Tech companies are particularly cautious about hiring MBAs
Scot Melland, president and chief executive of New York-based Dice, the largest online job board for technology professionals, says his listings for available contractor jobs have risen 10%, to 31,000, since mid-December. It's the first time in 12 months that the company has experienced a jump in job postings. "Companies are trying to do more with less," says Melland. "They're trying to maintain systems and also create new things with lower headcounts."
Tech companies seem to be particularly cautious about hiring MBAs, who two or three years ago sometimes had a new job offer every week. Ken Keeley, director of the Career Opportunities Center at Carnegie Mellon University's Graduate School of Industrial Administration, says the decline in tech company demand for MBAs seems to be bottoming out.
True, some 11 tech companies that recruited on campus a year ago didn't show up this year. But seven others that avoided Carnegie Mellon last year did, including KLA-Tencor, a semiconductor equipment company. "At least it looks like the bleeding hasn't gotten worse," Keeley says. At Pennsylvania State University's Smeal College of Business, Kathleen Welch, the director of marketing, says this year's grads are getting offers -- though often only one, vs. as many as six per head two years ago.
MBAs who can sell themselves to tech companies as specialists in finance, supply-chain management, or quality- and cost-control may have the best prospects for now. "Even though cost-cutting has wrung out many excesses, companies are still looking at improving their processes and driving out costs," says Heidrick & Struggles' Campbell.

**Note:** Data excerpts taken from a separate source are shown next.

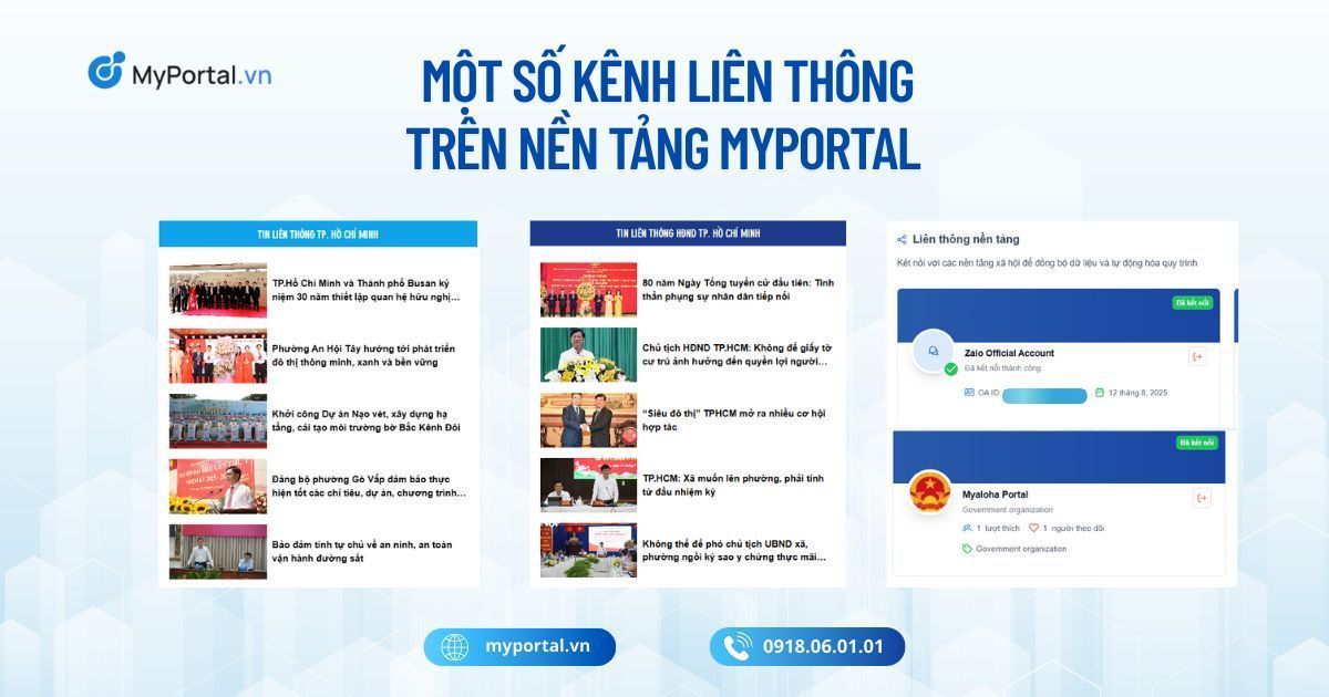 - Ví dụ: Khi chuyên viên đăng bài sự kiện của Đoàn trên Cổng TTĐT của MyPortal thì bài đăng sẽ được tự động đăng lên Zalo OA, cũng như Fanpage của đơn vị.
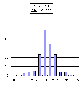 【'99年度全国の分画値分布 機種名:CTE-700/780/ALC-760 支持体:セパラックスSP (n=152)】
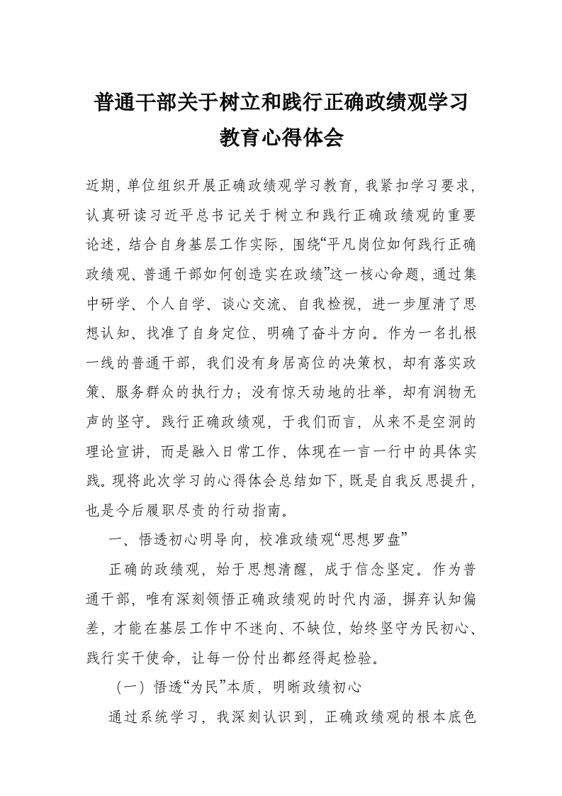 - 县委办公室普通干部树立和践行正确政绩观学习教育心得体会
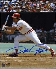 Pete Rose won three World Series rings, three batting titles, one Most Valuable Player Award, two Gold Gloves, the Rookie of the Year Award, and made 17 All-Star appearances at an unequaled five different positions (2B, LF, RF, 3B, and 1B). Rose's nickname, Charlie Hustle, was given to him for his play beyond the "call of duty" while on the field. Pete Rose has hand autographed this Cincinnati Reds Classic Swing 8x10 Photo. Mounted Memories Hologram and Certificate of Authenticity.
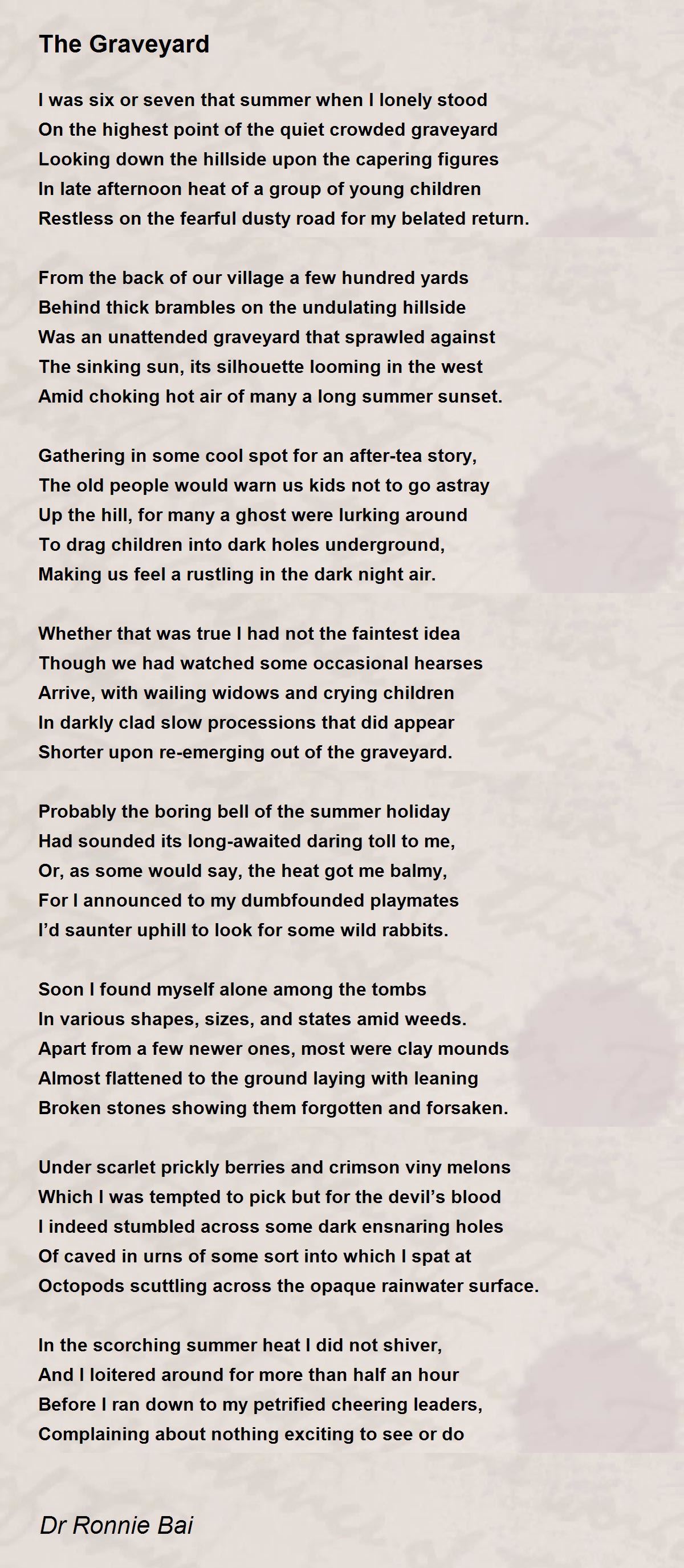The graveyard I no longer hold as a veritable playground
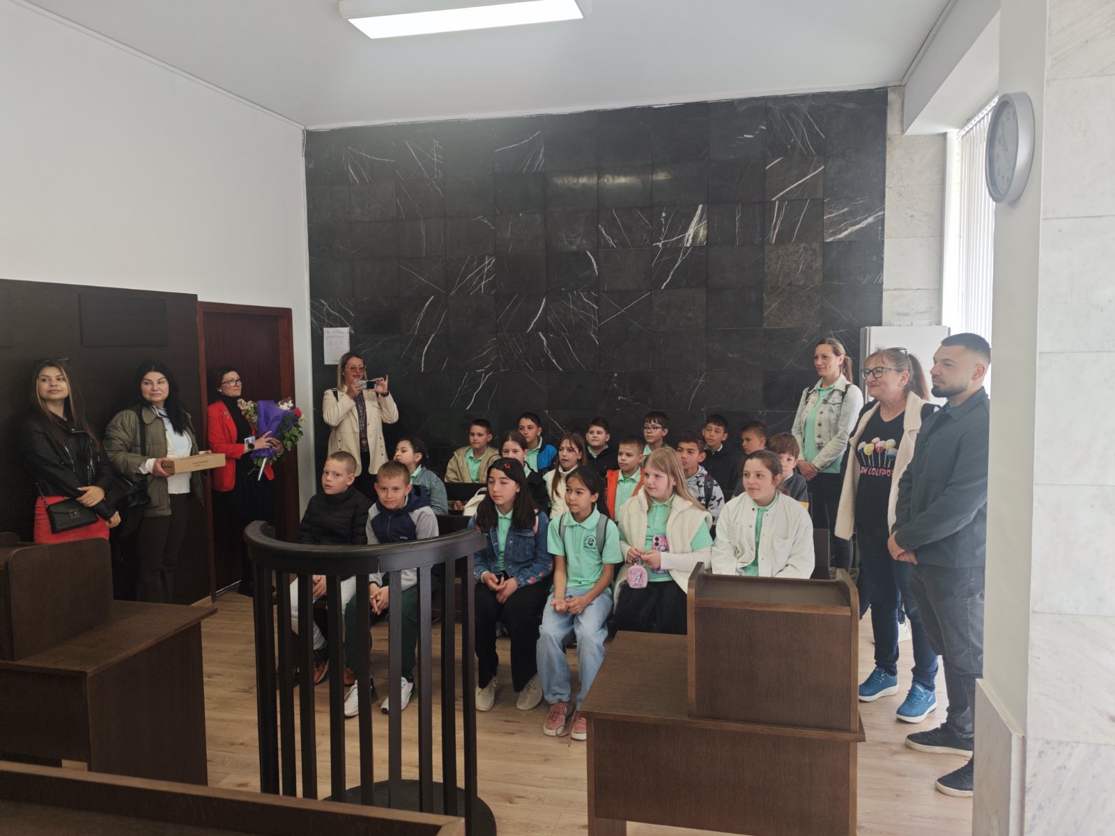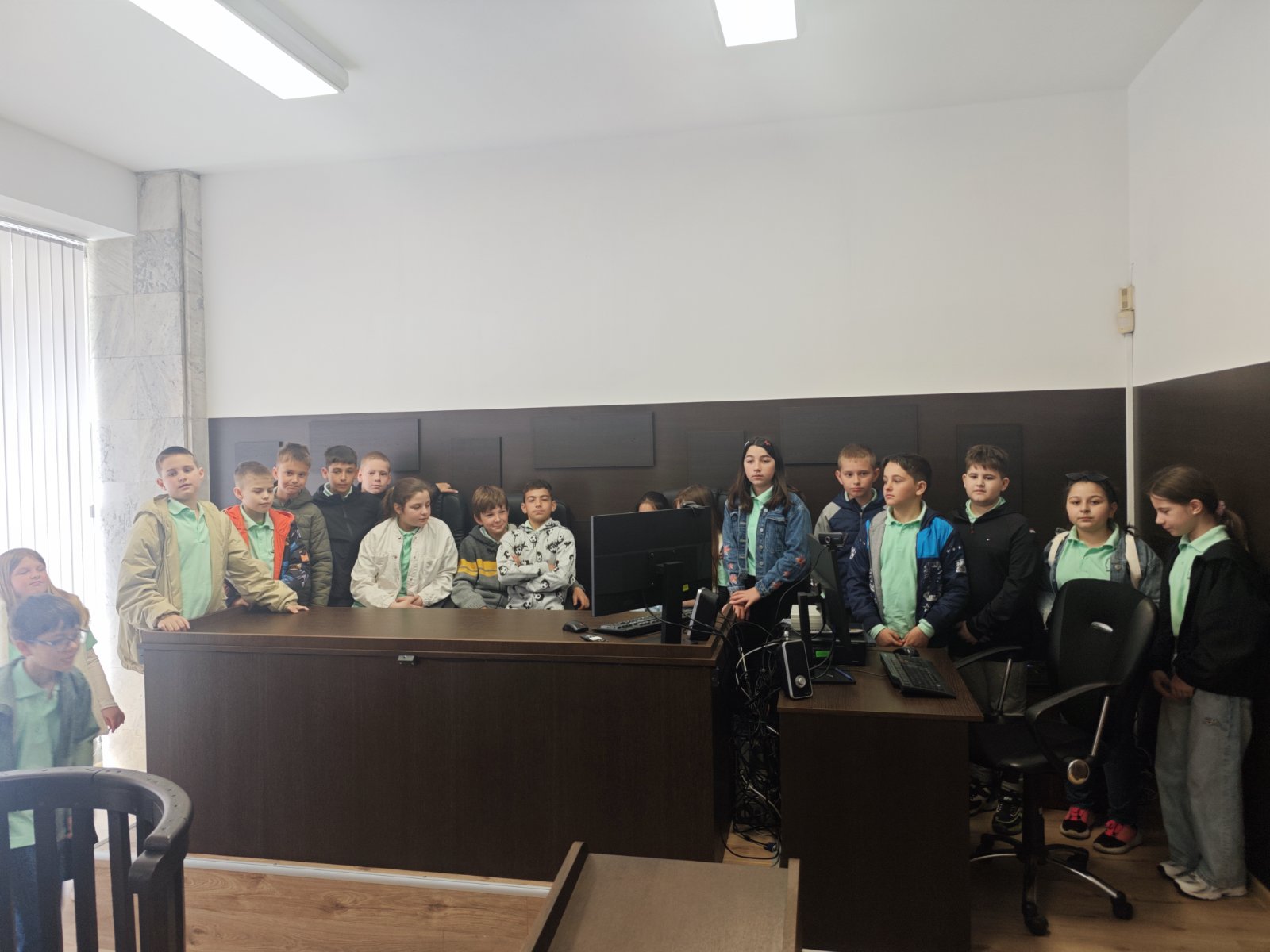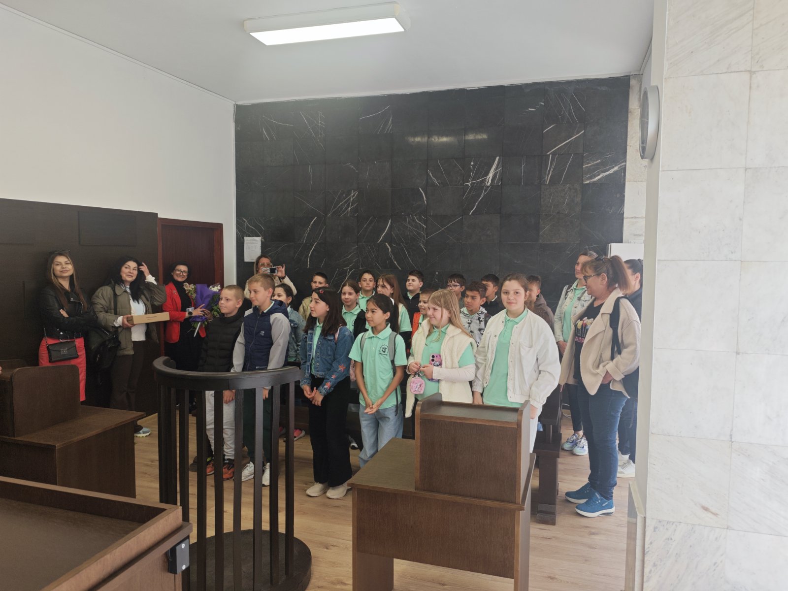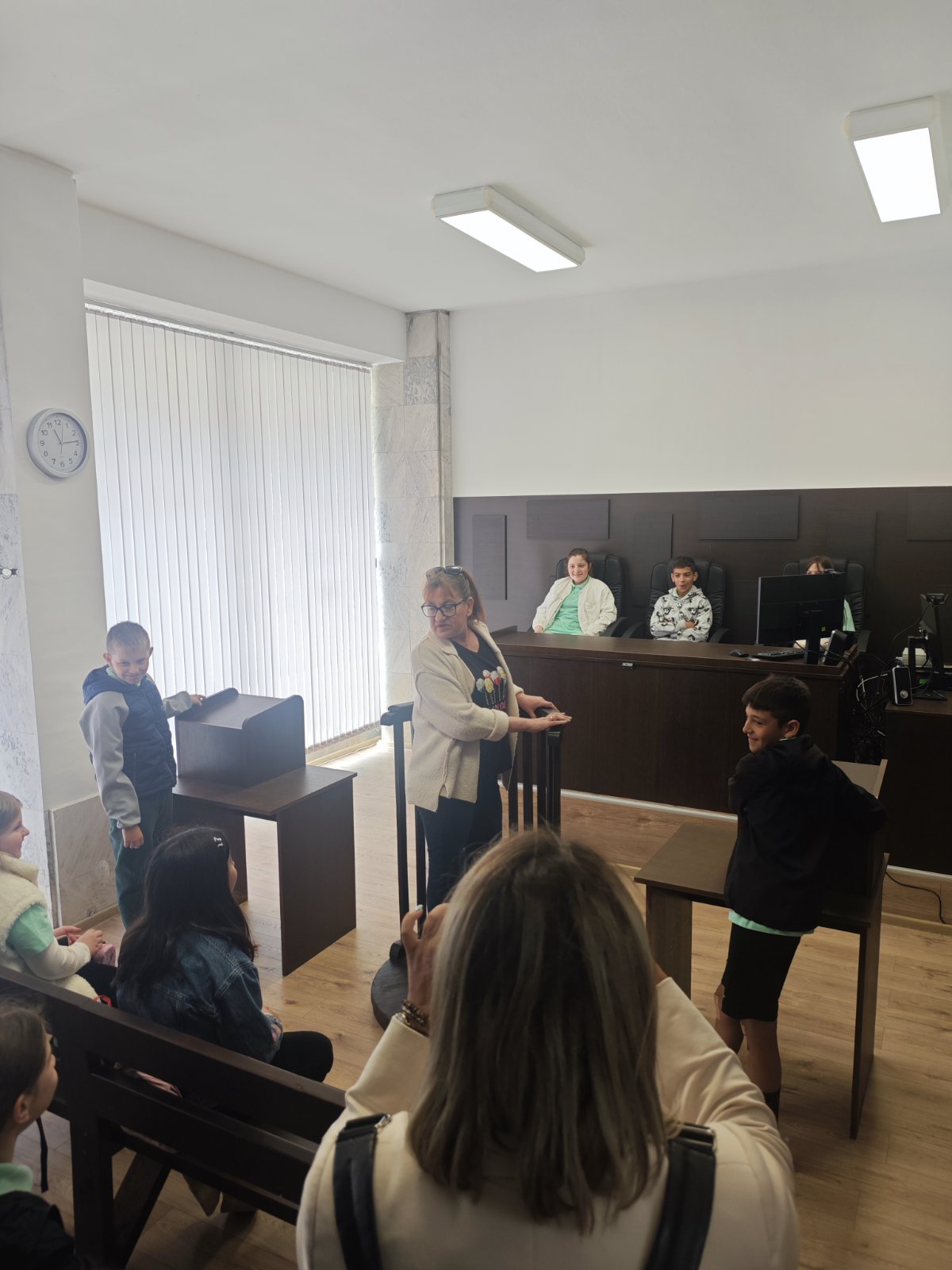 РС Димитровград с удоволствие съобщава, че на 24.04.2026г. деца от 4а клас на ОУ "П.Славейков" посетиха и разгледаха съдебните зали на съда, както и кабинета на председателя на РС Димитровград. Същият заедно с административния ръководител посрещнаха учениците на входа на съдебната палата, след което ги запознаха с функциите на съдията, прокурора и адвоката. Децата си направиха снимки за спомен от посещението в съдебната зала и кабинета на председателя на съда.
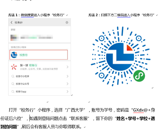 微信添加“校务行”小程序,选择“太阳成集团tyc122cc”,账号为学号,密码为GXdx@+身份证后六位,可根据自身需求下载并打印电子在校证明、电子成绩单(无需到教学办盖章,自行彩打即可)。
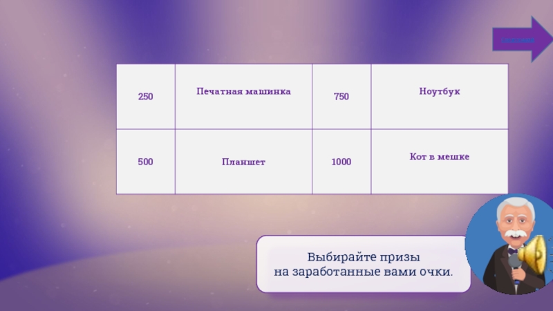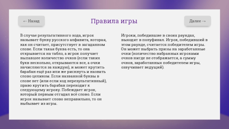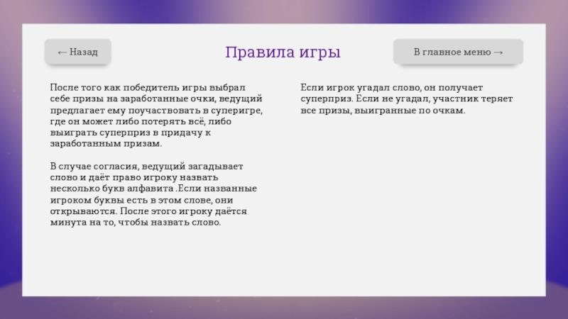 Если игрок угадал слово, он получает суперприз. Если не угадал, участник теряет все призы, выигранные по очкам.
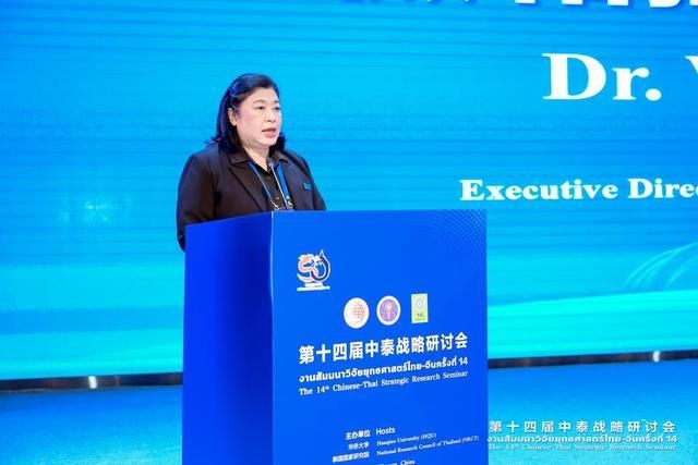 薇帕拉·迪翁表示,中泰建交50年来,友谊稳固发展,犹如一座信任之桥紧密联结两国人民、文化与学术合作。她指出,泰国国王与王后即将对中国进行正式访问,共同庆祝建交“金色50年”,将推动两国关系迈向新高度。她在致辞中高度评价与beat365英国官方网站的长期稳定合作,并强调本届研讨会不仅是纪念友谊之旅,更是展望未来、在科技与研究创新驱动下深化合作的契机,必将为共同开启“中泰命运与共的新时代”贡献战略思路与具体合作项目。

They're also looking for generalists more than specialists. "What's different about a project manager today vs. a year ago is that in addition to managing a project, the person will be expected to roll up their sleeves and program in C++ or Java," says Dice's Melland.
In a sign of the times, tech salaries aren't likely to rise much if at all this year, despite the fact that employees will be expected to do more work. The good news is that at least there'll be some hiring, in place of the cutbacks that made 2001 such a bummer.